French journalist Sandra Muller poses during a photo session in Paris on March 14, 2018.
BERTRAND GUAY / AFP (Photo by BERTRAND GUAY / AFP)

In her Twitter post, she told of how Brion had humiliated her, saying: “You have big breasts. You are my type of woman. I will make you orgasm all night.”

 

The post led to an outpouring of tales of harassment and assault, which were hailed as ending a culture of permissiveness in France towards unwanted advances.

 

After apologising for his remarks, Brion nonetheless decided to launch legal action against her.

 

He is asking for 50,000 euros ($55,000) in damages, 15,000 euros in legal fees ($17,000) and the deletion of the tweet where his name is mentioned.

 

‘Predator’

Drion’s legal team argue that while he does not dispute that he flirted with Muller she had portrayed him as a sexual predator and ruined his career.

 

“He has never admitted to harassing anyone.

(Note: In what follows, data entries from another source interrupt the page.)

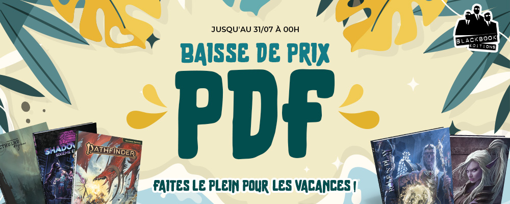 L'offre concerne tout particulièrement les nouveaux ouvrages pour Pathfinder, Seconde édition comme le Livre des joueurs (Remaster) ou le Livre du MJ (Remaster), les ouvrages Ptolus mais également les PDF pour Chroniques Oubliées 2e édition comme le Tome 1 de la campagne Calice et le Tome 2 ou des campagnes 5E / Rôle'n Play comme L'Enfant-nuit ou les 3 tomes des Plaies ouvertes !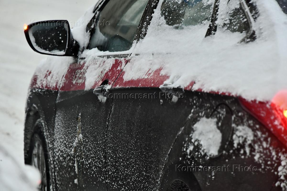 Виды Москвы. Жанровая фотография. Припаркованный автомобиль-такси компании "Ситимобил" на заснеженной улице.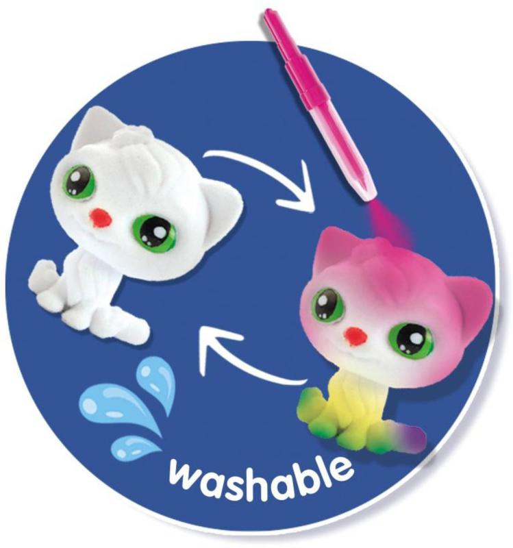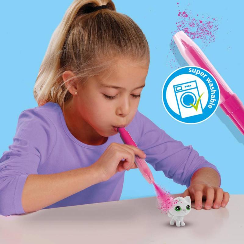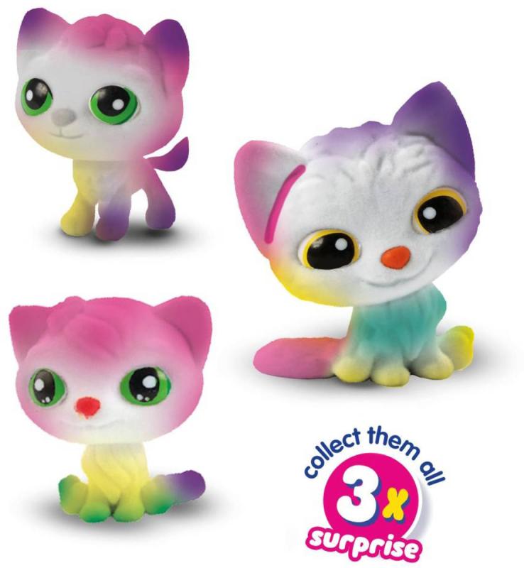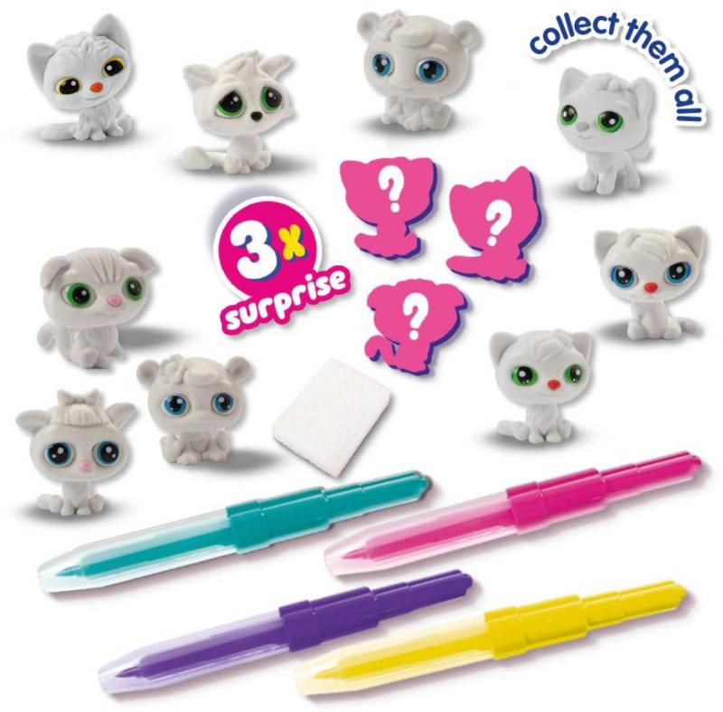 Kreativní sada s foukacími fixy – koťátka 3x překvapení. Tři překvapení čekají na své objevitele. Najděte figurku koťátka s hebkou bílou srstí. Sada obsahuje 4 x barevné foukací fixy s kterými můžete každému koťátku dát veselé barvy, tečky nebo proužky. Hotovo? Omyjte je dočista pod tekoucí vodou a koťátka budou připravena k opětovnému tvoření. Nasbírejte všech 9 koťátek z kolekce.

He said that one evening he tried to flirt with Sandra Muller as he liked her,” Brion’s lawyer Marie Burguburu told the court. “This is his right to flirt,” she added.

 

Muller, speaking to the court, said that she wanted things to change so that “sexist insults, whatever they are, are finally taken seriously”.

 

“I started a movement that spread through all levels of society,” said Muller, who said she was happy to travel from the United States to attend the hearing.

 

In a column in Le Monde newspaper late last year, Brion admitted making “inappropriate remarks to Sandra Muller” at a cocktail party.

 

But he also accused Muller of “deliberately creating ambiguity about what happened” by linking it to the response to the Weinstein affair.

 

He complained of the severe personal and professional consequences of what he said was a “conflation of heavyhanded flirting and sexual harassment in the workplace.”

 

Many Frenchwomen made public their experiences of abusive behaviour by men in the wake of the #MeToo and #balancetonporc movements.

 

But there has also been controversy.

 

Last year a group of prominent French women, led by film star Catherine Deneuve, complained that the campaign against harassment had become “puritanical” and they defended the right of men to “hit on” women.